Phishing scammer unexpectedly returns $9.3 million to victim

In an unexpected twist, a phishing scammer has returned nearly $9.3/€8.5 million to a victim after stealing $24/€22 million from them last September.

The incident came to light when Scam Sniffer discovered the transactions on July 13, where the scammer used the Dai stablecoin to return the funds in 2 installments.

First refund has already taken place

The first redemption of $5.23/€4.79 million took place on July 8, followed by a second transaction of $4.04/€3.70 million on July 13 at 12:06 UTC, according to data from Etherscan.

The phishing attack took place 10 months ago, on September 6, 2023, with the victim losing 9,579 Lido Staked Ether (stETH) and 4,850 Rocket Pool (rETH) tokens. The victim had granted approvals for tokens to the scammer by signing “Increase Allowance” transactions, as described in a post by Scam Sniffer following the incident.

The “Allowance” is a feature of ERC-20 tokens that gives third parties the right to issue the owner’s tokens. Crypto market data platform CoinMarketCap and other industry players have since warned that anonymous developers could potentially use malicious smart contracts to scam users.

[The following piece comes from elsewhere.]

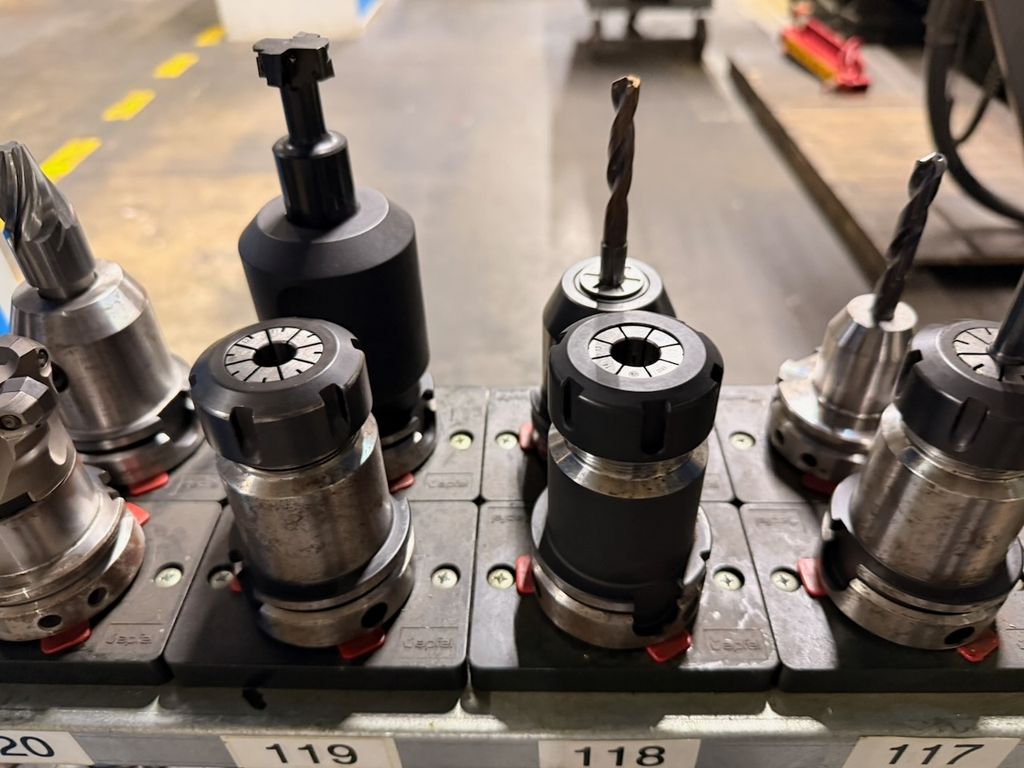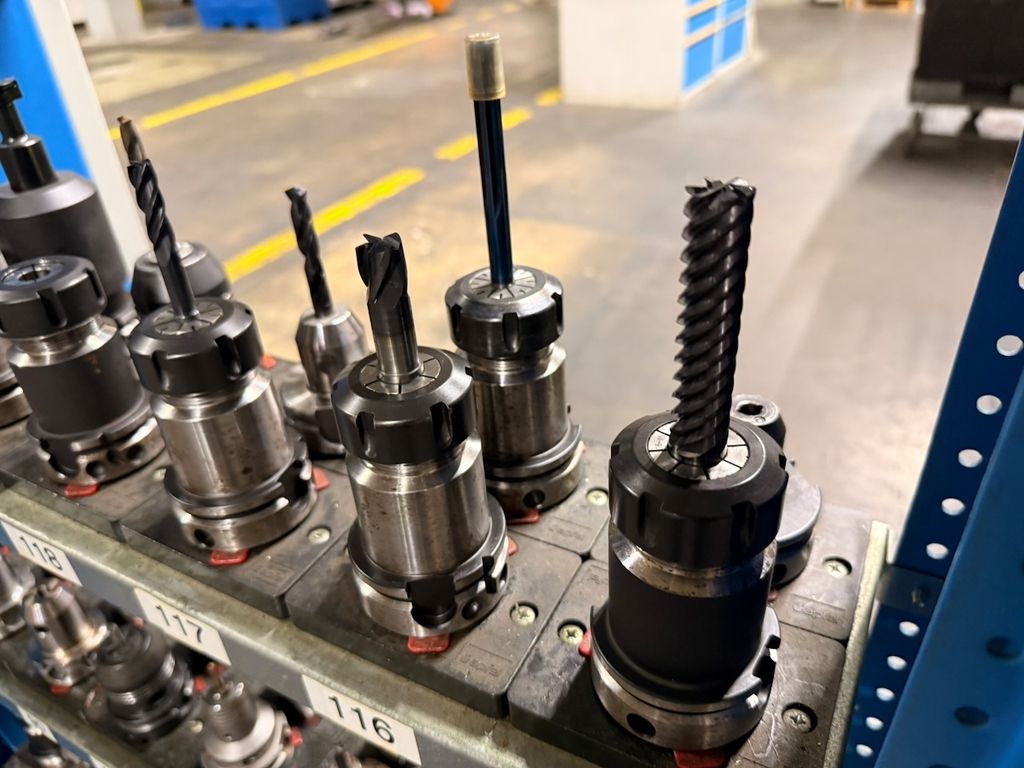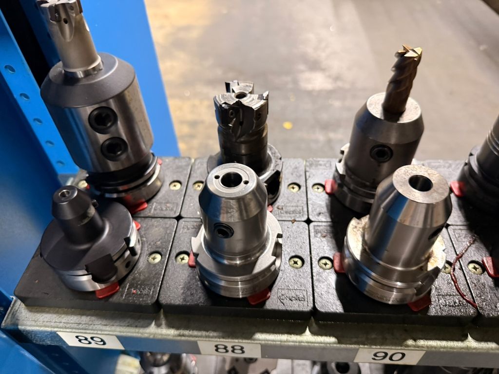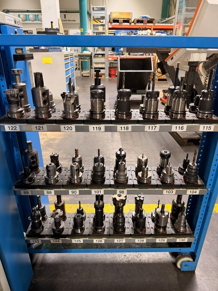 48× HSK-63 tool holders, mixed industrial stock: milling tool holders (Weldon), ER collet chucks, drill chucks, extensions, face mill/disc mill holders as well as various inserted cutters (solid carbide), drills, solid drills, etc. Tools partially mounted.

The $9.3/€8.5 million returned represents a 38.4% return on the stolen funds, based on September 6th prices. However, the 14,429 staked Ether would have been worth $47.5/€43.5 million at current prices.

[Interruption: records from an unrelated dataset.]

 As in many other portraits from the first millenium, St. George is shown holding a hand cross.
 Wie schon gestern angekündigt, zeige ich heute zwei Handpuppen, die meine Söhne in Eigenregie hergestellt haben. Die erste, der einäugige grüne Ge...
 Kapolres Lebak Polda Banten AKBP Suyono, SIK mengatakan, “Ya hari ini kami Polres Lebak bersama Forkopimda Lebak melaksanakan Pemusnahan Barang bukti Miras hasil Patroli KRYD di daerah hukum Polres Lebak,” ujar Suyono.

Crypto Address Labeled as ‘Railgun Relay’

On-chain data shows that the returned Dai came through an address labeled as Railgun Relay, an intermediary for the privacy protocol, shortly before it was handed over to the victim.

Scam Sniffer said the hacker contacted the victim on July 6 using a different wallet address. “Hello, I’m the guy who took your money,” he wrote. “I want to give the money back.”

Etherscan data shows that after the refund, the scammer’s wallet address still contains just over $3 million in funds, nearly 99% of which is the METAGALAXY LAND (MEGALAND) token from the BNB chain.

According to Scam Sniffer’s 2023 Wallet Drainers Report, phishing scammers stole nearly $300 million worth of crypto from 324,000 victims in 2023. Inferno Drainer and MS Drainer were the most notorious scammers, taking $81/€74.3 million and $59/€54 million, respectively. Pink Drainer stole over $85 million before it was shut down in May.